**Exercise inputs:**
=== Begin Enclosure ===

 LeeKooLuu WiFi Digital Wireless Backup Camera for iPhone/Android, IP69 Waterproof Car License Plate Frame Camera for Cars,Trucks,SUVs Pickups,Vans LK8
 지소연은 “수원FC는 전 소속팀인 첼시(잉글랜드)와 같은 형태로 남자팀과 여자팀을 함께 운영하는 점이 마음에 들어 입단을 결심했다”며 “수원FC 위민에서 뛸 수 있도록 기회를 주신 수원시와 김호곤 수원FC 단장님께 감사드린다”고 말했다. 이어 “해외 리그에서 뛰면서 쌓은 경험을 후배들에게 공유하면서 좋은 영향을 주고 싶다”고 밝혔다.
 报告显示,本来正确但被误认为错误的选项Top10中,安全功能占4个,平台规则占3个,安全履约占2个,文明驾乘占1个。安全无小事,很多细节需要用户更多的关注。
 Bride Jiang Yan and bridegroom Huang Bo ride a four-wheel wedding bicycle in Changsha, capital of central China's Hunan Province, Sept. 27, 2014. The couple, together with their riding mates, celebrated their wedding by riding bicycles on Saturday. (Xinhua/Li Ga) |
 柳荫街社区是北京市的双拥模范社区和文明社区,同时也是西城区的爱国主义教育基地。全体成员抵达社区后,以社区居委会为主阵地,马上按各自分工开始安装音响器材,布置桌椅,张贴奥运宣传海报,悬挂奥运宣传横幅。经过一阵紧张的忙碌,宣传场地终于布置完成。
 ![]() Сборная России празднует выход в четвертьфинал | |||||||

=== End Enclosure ===
=== Begin Enclosure ===

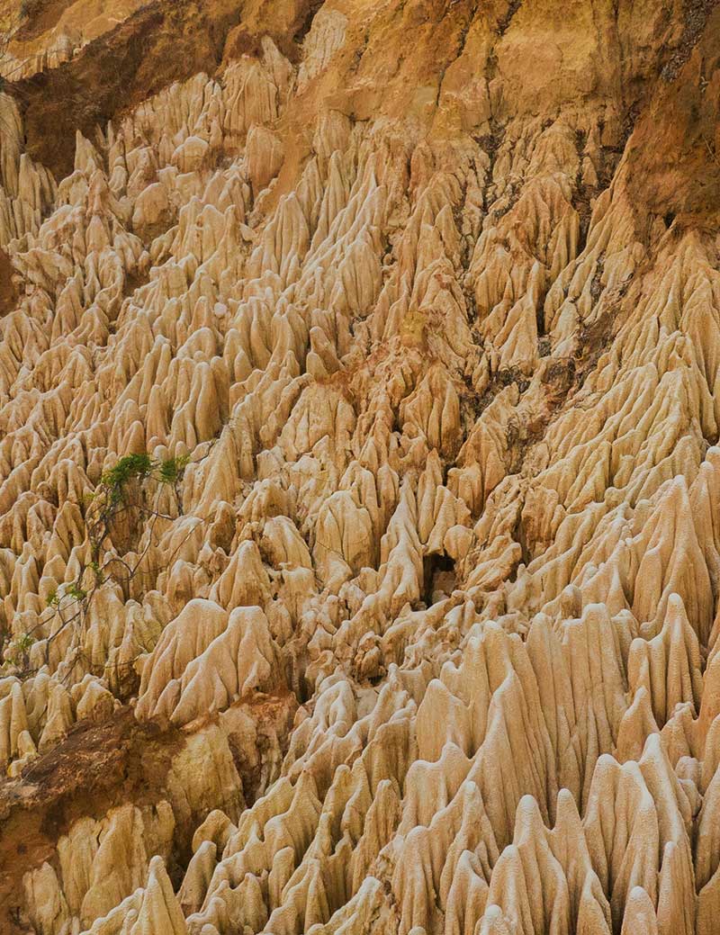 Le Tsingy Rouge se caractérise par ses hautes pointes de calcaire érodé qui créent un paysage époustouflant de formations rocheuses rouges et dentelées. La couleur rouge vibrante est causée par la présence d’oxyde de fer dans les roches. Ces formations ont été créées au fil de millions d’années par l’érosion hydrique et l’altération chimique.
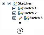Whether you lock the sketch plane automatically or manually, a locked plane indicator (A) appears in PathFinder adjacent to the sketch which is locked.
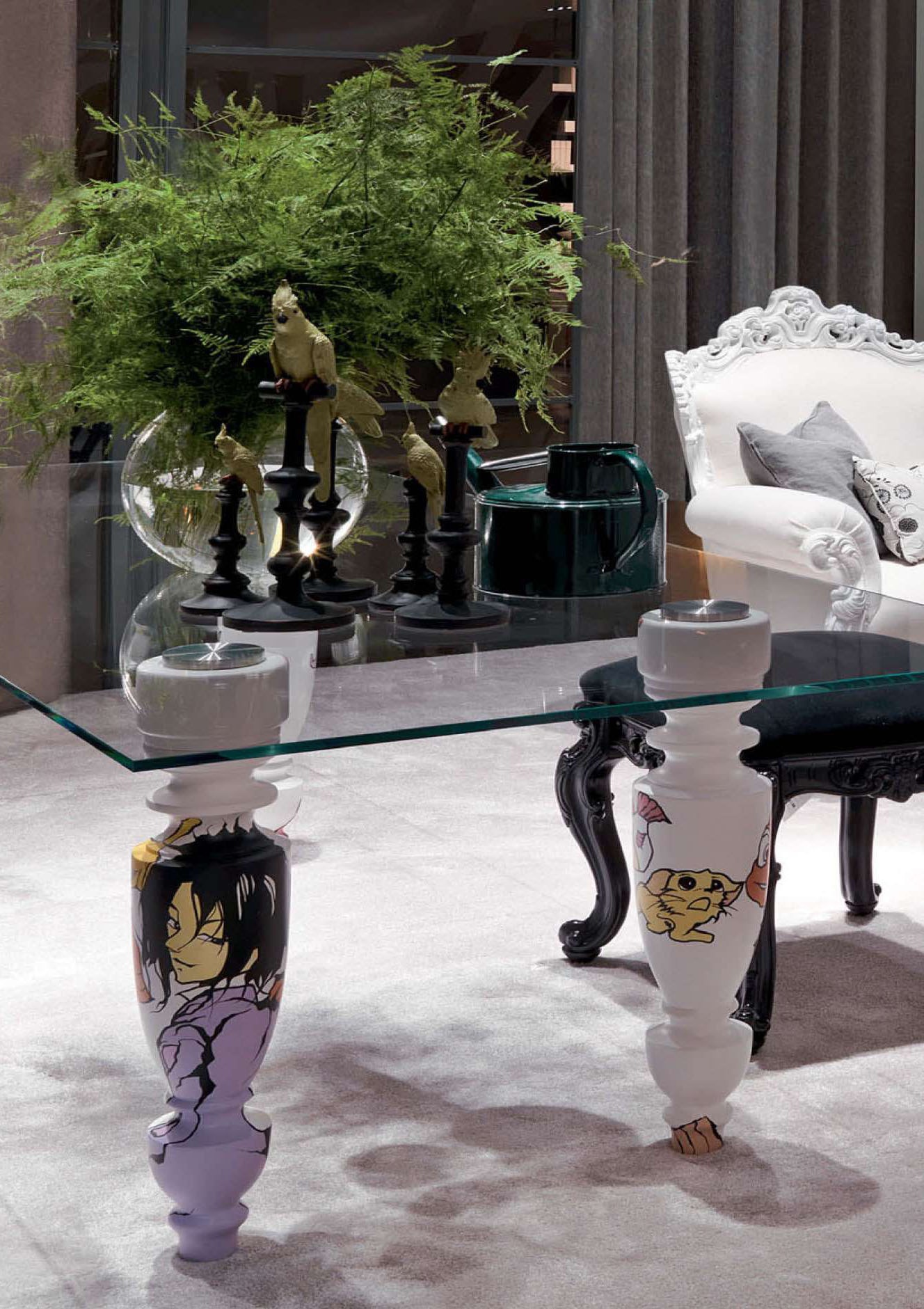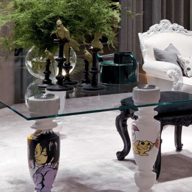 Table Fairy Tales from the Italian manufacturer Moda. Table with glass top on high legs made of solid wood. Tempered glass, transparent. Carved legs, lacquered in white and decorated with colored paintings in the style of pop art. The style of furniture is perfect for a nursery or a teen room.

=== End Enclosure ===

**What you are asked to do:**
Above are the records; copy from them only the lines starting at the one containing "Whether you lock" and ending at the one containing "Table Fairy Tales", exactly and without pictures.

**Expected answer:**
Whether you lock the sketch plane automatically or manually, a locked plane indicator (A) appears in PathFinder adjacent to the sketch which is locked.
 Table Fairy Tales from the Italian manufacturer Moda. Table with glass top on high legs made of solid wood. Tempered glass, transparent. Carved legs, lacquered in white and decorated with colored paintings in the style of pop art. The style of furniture is perfect for a nursery or a teen room.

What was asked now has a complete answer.